A Jacobian-Free Newton Krylov Two-Nodal Coarse Mesh Finite Difference algorithm based on Nodal Expansion Method (NEM_TNCMFD_JFNK) is successfully developed and proposed to solve the three-dimensional (3D) and multi-group reactor physics models. In the NEM_TNCMFD_JFNK method, the efficient JFNK method with the Modified Incomplete LU (MILU) preconditioner is integrated and applied into the discrete systems of the NEM-based two-node CMFD method by constructing the residual functions of only the nodal average fluxes and the eigenvalue. All the nonlinear corrective nodal coupling coefficients are updated on the basis of two-nodal NEM formulation including the discontinuity factor in every few newton steps.

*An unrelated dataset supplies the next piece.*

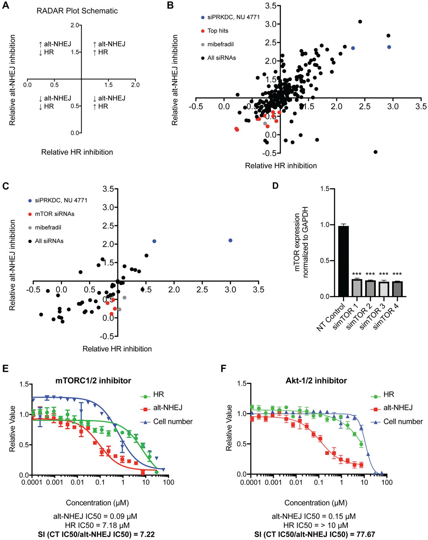 image: Identification of potential regulators of the selective alt-NHEJ inhibition of mibefradil. (A) A schematic representation of the Relative Assessment of DNA Repair (RADAR) plot showing the significance of the different quadrants and their correlation with DNA repair activity. (B) An siRNA screen of 240 siRNAs against common DDR proteins in the EJ-DR assay showing the top hits phenocopying mibefradil in red, the controls siPRKDC (DNA-dependent protein kinase catalytic subunit) and 2 μM NU 4771 (DNA-PK inhibitor) in blue, and 3 μM and 6 μM mibefradil in gray. (C) A focused screen of the deconvoluted siRNAs for the top eleven hits identified in the previous screen in the EJ-DR assay. The top hit simTOR is indicated in red, the controls siPRKDC (DNA-dependent protein kinase catalytic subunit) and 2 μM NU 4771 (DNA-PK inhibitor) in blue, and 3 μM and 6 μM mibefradil in gray. (D) Deconvoluted siRNAs to mTOR reduced mRNA expression of mTOR to ~20% of the non-targeting (NT) control. Gene expression is normalized to a GAPDH control. (n = 3, ***p < 0.001 by Student's T test) (E) Dose-response curve of mTORC1/2 inhibitor (mTORC1/2i) in the EJ-DR assay showing alt-NHEJ activity in red, HR activity in green, and cytotoxicity (CT) in blue. mTORC1/2i showed a selectivity index (SI), calculated as CT IC50/alt-NHEJ IC50, of 7.22. (F) Dose-response curve of Akt1/2-inhibitor (Akt-1/2i) in the EJ-DR assay. Akt-1/2i showed an SI of 77.67. Data are represented as mean ± SEM.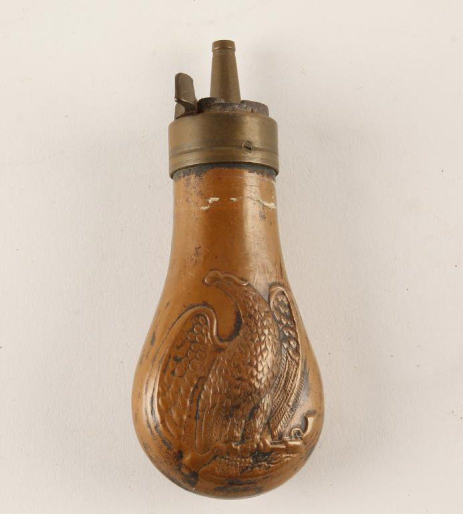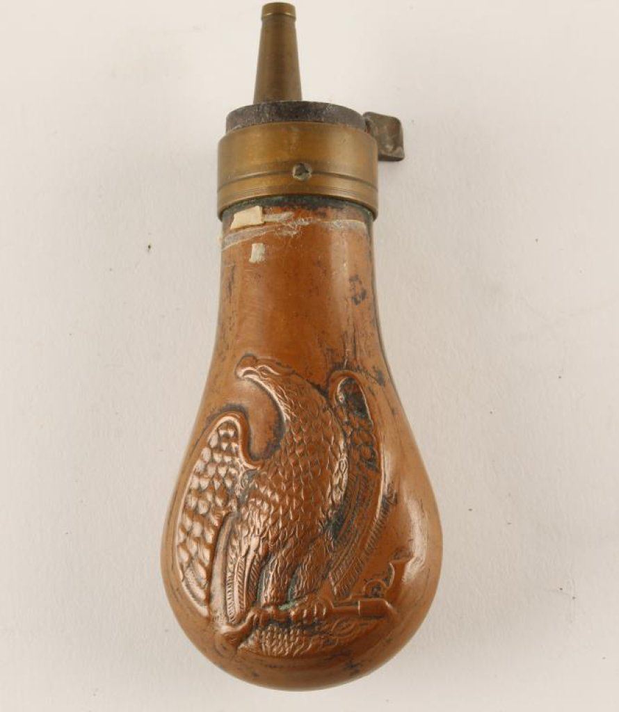 Brass powder flask with embossed spread eagle on both sides; approx. 4-1/2” overall and for a percussion pocket model revolver. The condition of this piece is good to very good with a pleasing patina and good seams. Est.: $125-$250.

All the expansion coefficients and interface currents of the two-node NEM need not be chosen as the solution variables to evaluate the residual functions of the NEM_TNCMFD_JFNK method, therefore, the NEM_TNCMFD_JFNK method can greatly reduce the number of solution variables and the computational cost compared with the JFNK based on the conventional NEM. Finally the NEM_TNCMFD_JFNK code is developed and then analyzed by simulating the representative PWR MOX/UO₂ core benchmark, the popular NEACRP 3D core benchmark and the complicated full-core pin-by-pin homogenous core model. Numerical solutions show that the proposed NEM_TNCMFD_JFNK method with the MILU preconditioner has the good numerical accuracy and can obtain higher computational efficiency than the NEM-based two-node CMFD algorithm with the power method in the outer iteration and the Krylov method using the MILU preconditioner in the inner iteration, which indicates the NEM_TNCMFD_JFNK method can serve as a potential and efficient numerical tool for reactor neutron diffusion analysis module in the JFNK-based multiphysics coupling application.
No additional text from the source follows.